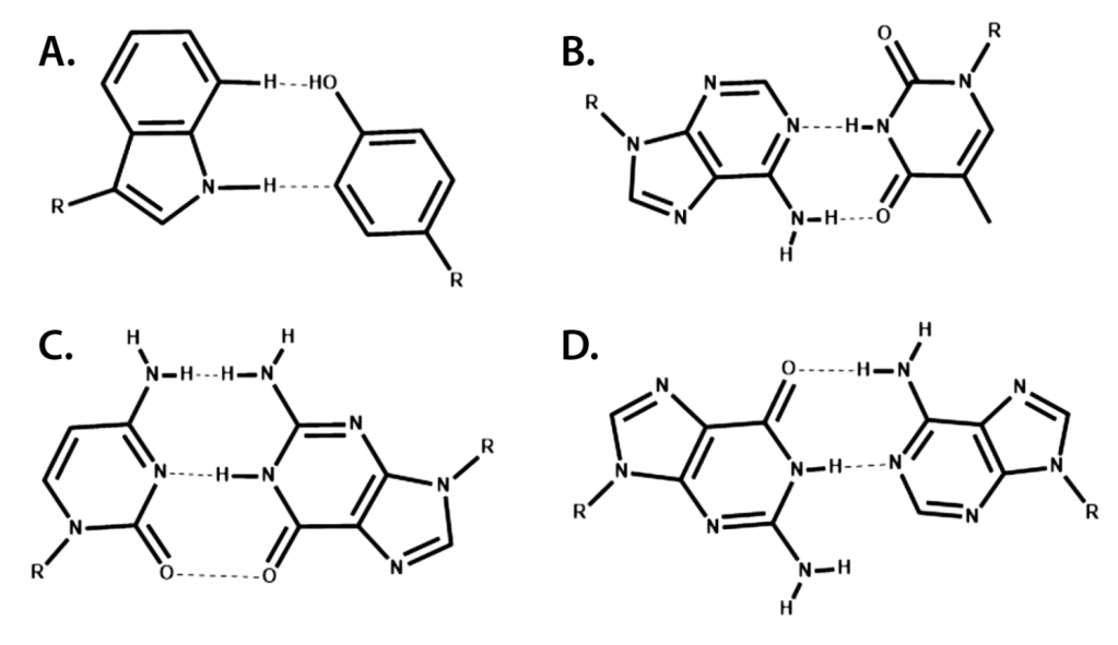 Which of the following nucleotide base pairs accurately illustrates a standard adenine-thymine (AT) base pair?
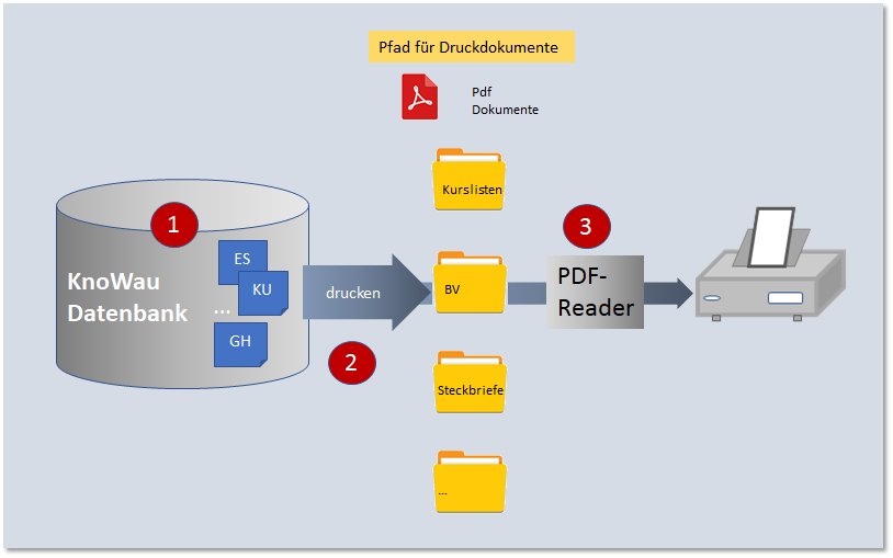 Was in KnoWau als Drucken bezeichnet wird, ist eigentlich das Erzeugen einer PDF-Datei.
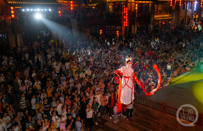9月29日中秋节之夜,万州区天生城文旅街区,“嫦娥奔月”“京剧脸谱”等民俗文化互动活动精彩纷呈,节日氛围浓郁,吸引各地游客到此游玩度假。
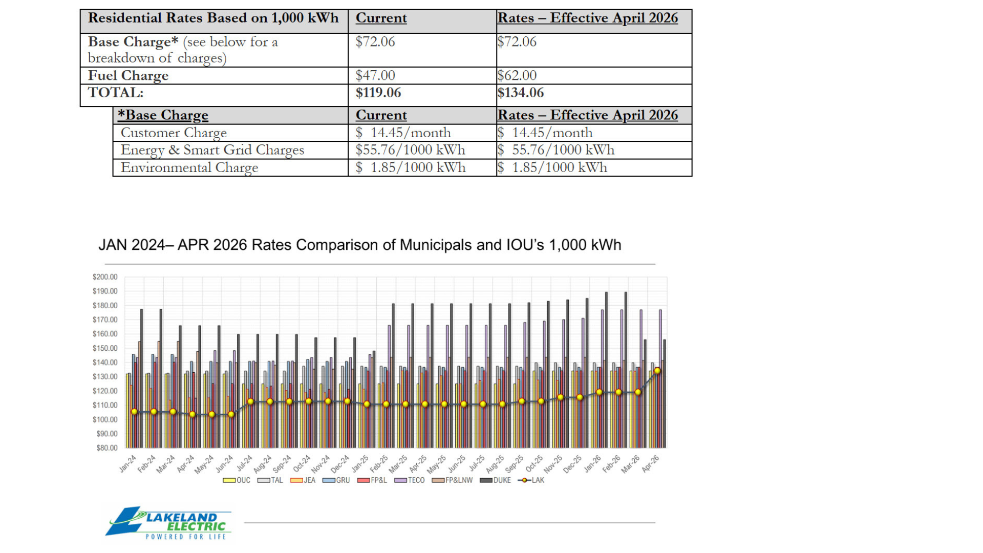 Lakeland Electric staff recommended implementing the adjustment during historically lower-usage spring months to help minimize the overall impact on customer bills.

------------------------------

### Assignment
The lines to repeat run from the line containing "9月29日中秋节之夜,万州区" through the last line of the material above; give them exactly, without the pictures.

### Output for this exercise
9月29日中秋节之夜,万州区天生城文旅街区,“嫦娥奔月”“京剧脸谱”等民俗文化互动活动精彩纷呈,节日氛围浓郁,吸引各地游客到此游玩度假。
 Lakeland Electric staff recommended implementing the adjustment during historically lower-usage spring months to help minimize the overall impact on customer bills.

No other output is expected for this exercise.